00:08:48 – 00:18:14    BBC APOLLO 11 – MICHELMORE – AT 17 mins and 5 secs past 9, Armstrong and Aldrin due to touch down. IN SPACE STUDIO, JAMES BURKE, PATRICK MOORE, DR. DAVID GRAYSTER (CONSULTANT AVIATION PHYSIOLOGIST) MICHAEL CHARLTON AT MISSION CONTROL, AT OBSERVATORY IN BRIGHTON GEORGE HOLE. ABOUT TO ACQUIRE SIGNAL

00:18:14 – 00:19:52   CAPCOM RECOMMEND YAW HIGH GAIN SIGNAL STRENGTH – NOT SURE OF BROADCASTER

00:19:52 – 01:04:27    ITV COVERAGE OF POWERED DESCENT – GO FOR PDI – ALASTAIR BURNETT, PAUL HANEY & PETER FAIRLEY – CREW CHECKING ANGLE OF SPACECRAFT ON MOON

 

TAPE 2 side B

00:00:00 – 00:08:51    ITV COVERAGE POST LANDING – ALASTAIR BURNETT, PAUL HANEY & PETER FAIRLEY + PETER SISSONS INTERVIEWING BERNARD LOVELL AT JODRELL BANK

00:08:52 – 00:10:46    SPEECH AT MISSION CONTROL

00:10:46 – 00:13:17    ITV ALASTAIR BURNETT HAND OVER TO BOB HARGREAVES AT MISSION CONTROL

00:13:17 – 00:15:26    ITV ALASTAIR AND PAUL HANEY POSSIBLE MOONWALK AT 2AM

00:15:26 – 01:04:27    BBC APOLLO 11 – BURKE SOUNDS LIKE THEY ARE INSIDE THEIR SPACESUITS. LAST FEW MINUTES BEFORE OPENING DOOR TO MOON – START OF MOONWALK

14 thoughts on “British coverage of Apollo 11”

    1. Yes it incredible to think that, in the early days of broadcasting, after TV and radio programmes had been broadcast they could never be shown again!

      Although to the people at the BBC in the 1960s it would have seemed the natural thing to do to erase the tapes.

      Liked by 1 person

      1. I’ve read that the BBC thought of television as a form of live theater. I kind of understand that mindset.

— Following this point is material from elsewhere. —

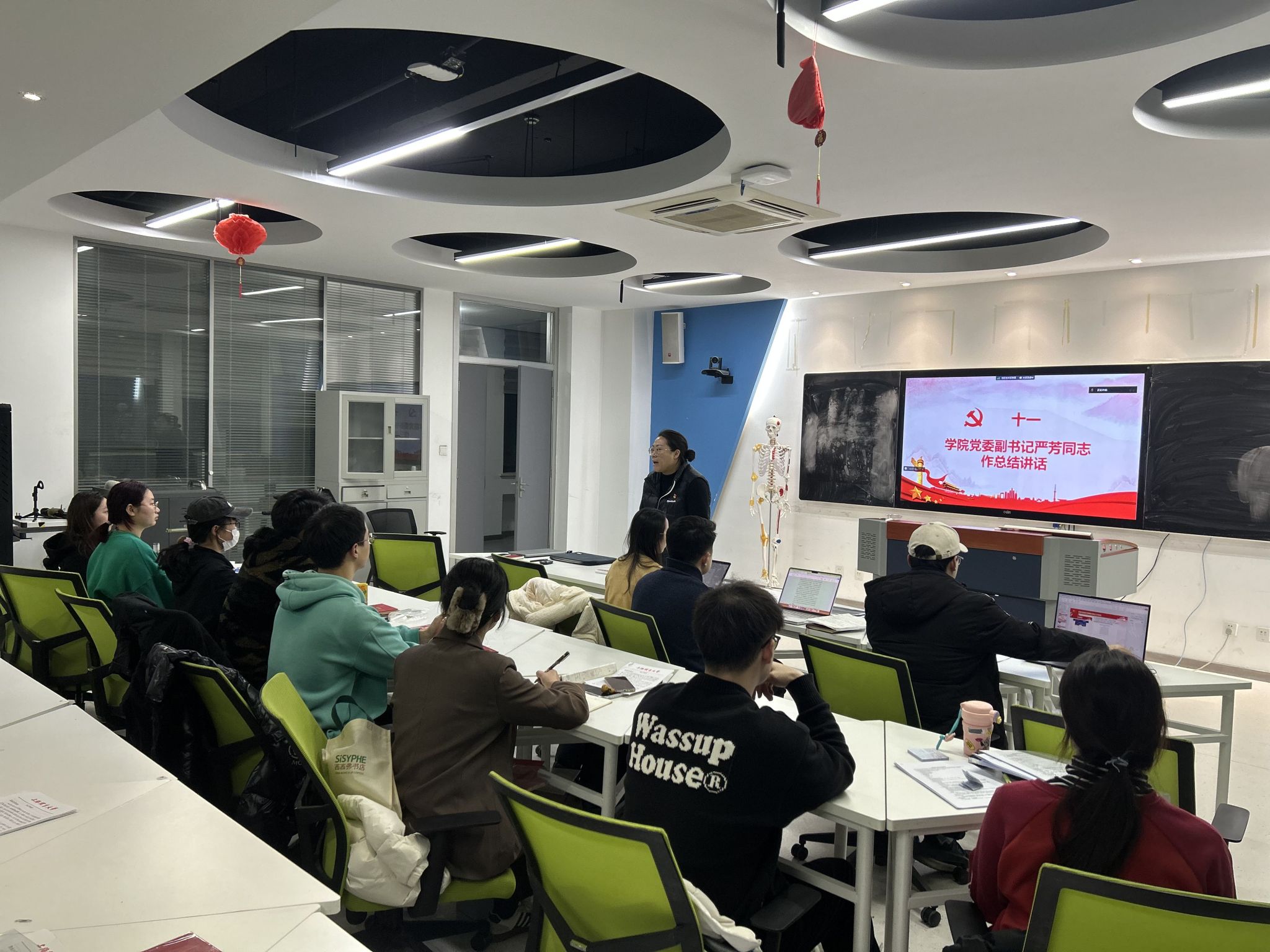 最后,学院党委副书记严芳同志对16位按期转正的同志表示了真诚的祝贺。她指出,组织上入党一生一次,思想上入党一生一世。希望各位党员同志在新的起点和新的征程上,要继续不忘初心、牢记使命,在今后的学习工作中更加务实自律。在党组织的关怀教育和鼓励支持下,广泛听取其他同志的建议,树立起良好的先锋模范标杆,积极发挥旗帜的示范引领作用。同时她也表示,希望大家能够凝聚在支部里面,共同打造一个充满凝聚力、吸引力和战斗力的党支部。

        Also, as someone who works at a television station, I can tell you archiving stuff is a huge pain. So I also kind of understand why people at the BBC resisted doing it for so long.

        Liked by 1 person

  1. Hi Steve,

    I was living in London then and I had my camera set up on a tripod in front of the tv to take some still images for posterity. During the fiftieth anniversary they were on display at my local library here in Sydney.

    For what it is worth you can see them here: https://cosmicfocus.wordpress.com/2019/06/27/first-step-on-the-moon/
    I have no recollection whether it was BBC or ITV that I was watching – but more than likely it was BBC.

    I owned an audio tape recorder at he time but sadly I did not have the presence of mind to use it.